Gemini Flash 2.0 (Google)

We attempted to use Gemini Flash 2.0, but the quality of the responses were not satisfactory.

Gemini Pro 2.0 Experimental (Google)

Similarly, Gemini Pro 2.0 Experimental (free) presented good results, by is limited by quota, restricting its usage.

Mistral: Ministral 8B

The Mistral: Ministral 8B model encountered errors when used with the tools, preventing successful runs.

Mistral: Ministral 3B

Like its larger counterpart, Mistral: Ministral 3B also raised errors because of tool-related issues.

Other GPT Models

We also explored o1 and o1-mini, DeepSeek, and Groq LLAMA 3.3 R1 Distill, but these models were either too expensive, too slow, or didn’t support tool calling or structured response.

Model Selection Strategy

Use Gemini for

Technical documentation queries: Gemini excels at quickly processing technical web scans and documentation-related queries with high similarity scores, but struggles with more complex tasks. Pro version showed much better capabilities but is not yet available for production usage.
Quick-response applications: With a faster average response time (6.52s), Gemini is suitable for applications where rapid responses are critical.
Resource-constrained scenarios: Due to its lower token usage and cost efficiency, Gemini is ideal when system resources or budgets are limited.
Security-focused documentation: Gemini’s best performance in technical scenarios makes it a good fit for security-related tasks or documentation that requires accuracy.

Use GPT-4o for

User-facing interactions: GPT-4o’s consistency across user-friendly scenarios makes it a great choice for chatbots, customer service, or conversational AI.
Complex, multi-step workflows: Its ability to handle large token usage and maintain high similarity scores ensures that GPT-4o can manage complex, multi-stage tasks reliably.
Scenarios requiring consistency: With a narrower similarity score range (0.72-0.86), GPT-4o provides more predictable outputs, making it ideal for tasks where consistency is key.
Natural language-heavy interactions: GPT-4o is well-suited for natural language processing tasks like story generation, report writing, or detailed user instructions, where fluency and clarity are essential.
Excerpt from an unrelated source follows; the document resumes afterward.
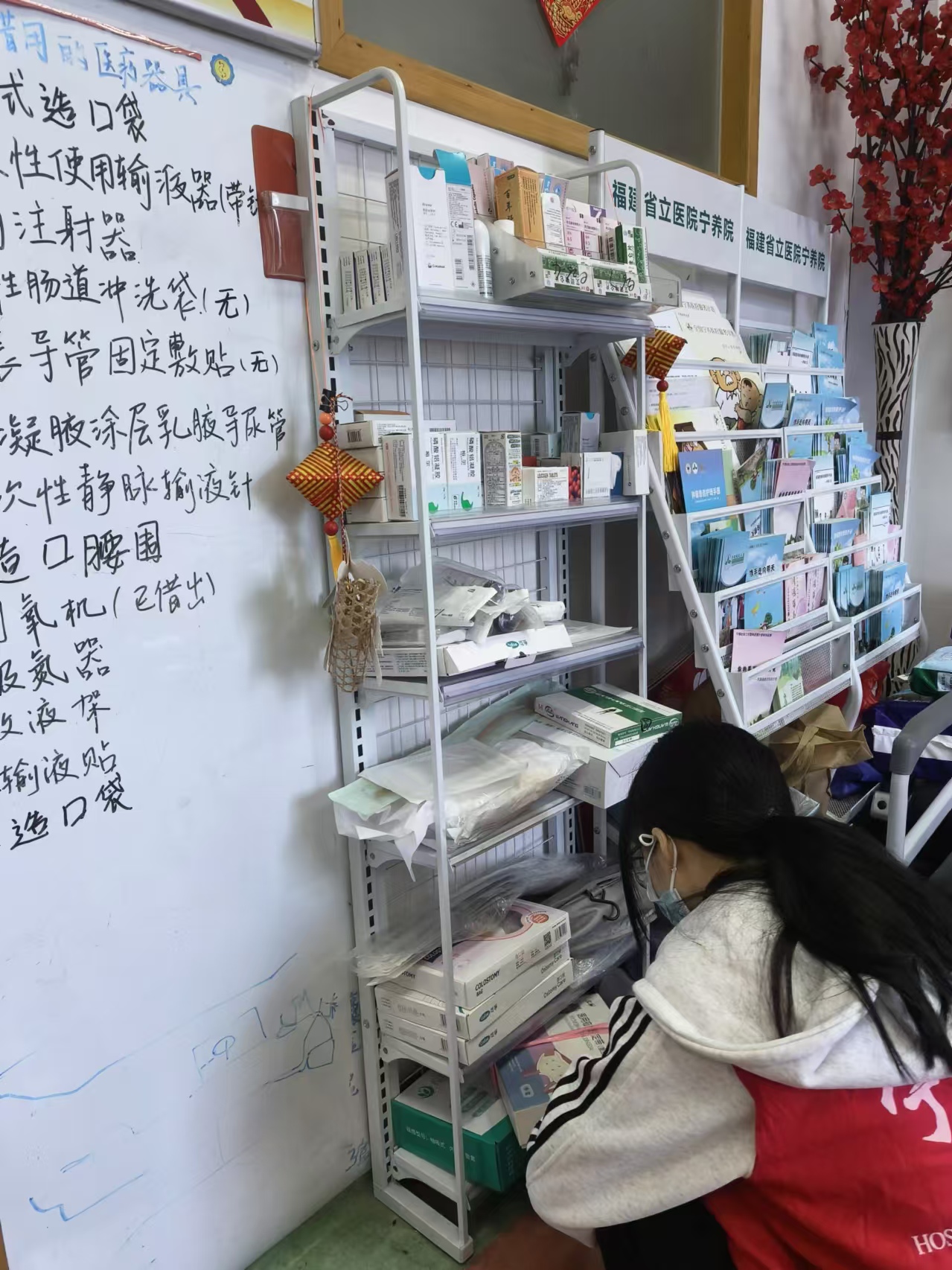 此外,志愿者们积极投身于药品整理工作,一丝不苟地核验药品名称与有效期,将药品按类别规范摆放,确保了医疗人员在紧急情况下能够迅速、准确地获取所需药品。同时,通过在小白板上进行明确的标识,使得患者及其家属能够清晰掌握可借用的医疗物资信息,有效提升了医疗服务的及时性和便利性,充分展现了志愿者们的责任感和奉献精神。
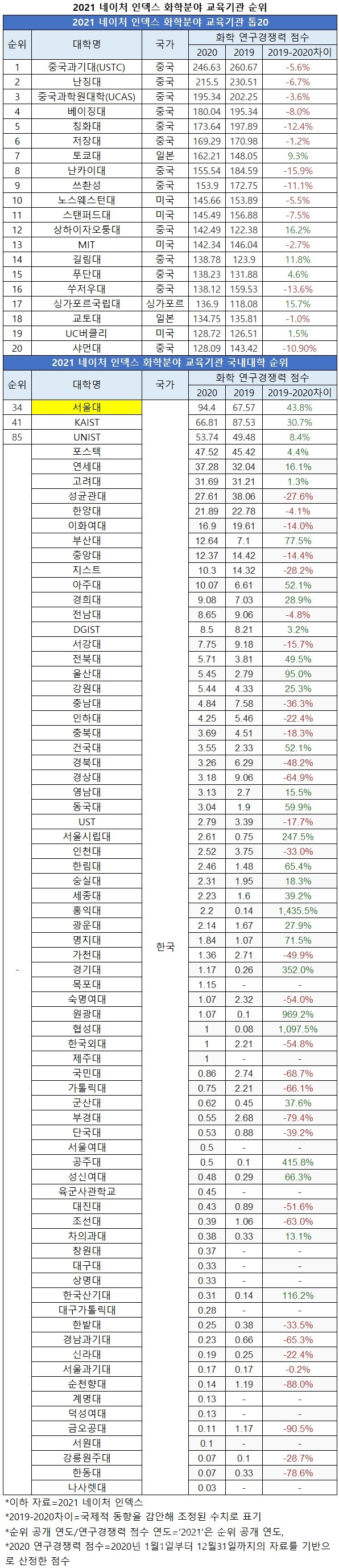 화학 분야에서 세계 톱100 내에 자리한 국내대학은 서울대 KAIST UNIST의 3개교다. 각 34위 41위 85위를 기록했다. 2020년 연구경쟁력 점수는 서울대(94.4점) KAIST(66.81점) UNIST(53.74점) 순이다.

Starting Simple: UI and API Development

When we started working on the fundamental building blocks: the user interface (UI) and the API, we had several options for how to implement the API, including WebSockets, GraphQL, and REST.

While WebSockets may seem like the best option due to their speed in streaming and real-time messaging, we ultimately chose GraphQL, as it was largely adopted in our platform and it allowed us to ship faster without any significant changes to the platform and existing infrastructure.

[Screenshot of the UI]

Structured Components UI

We experimented with using structured components to enhance the AI's ability to provide visually rich and interactive responses.

The concept of structured components involves the AI returning not just plain text or markdown answers but also structured UI elements like tables, images, and interactive components. Our goal was to improve the clarity and usability of the AI's responses.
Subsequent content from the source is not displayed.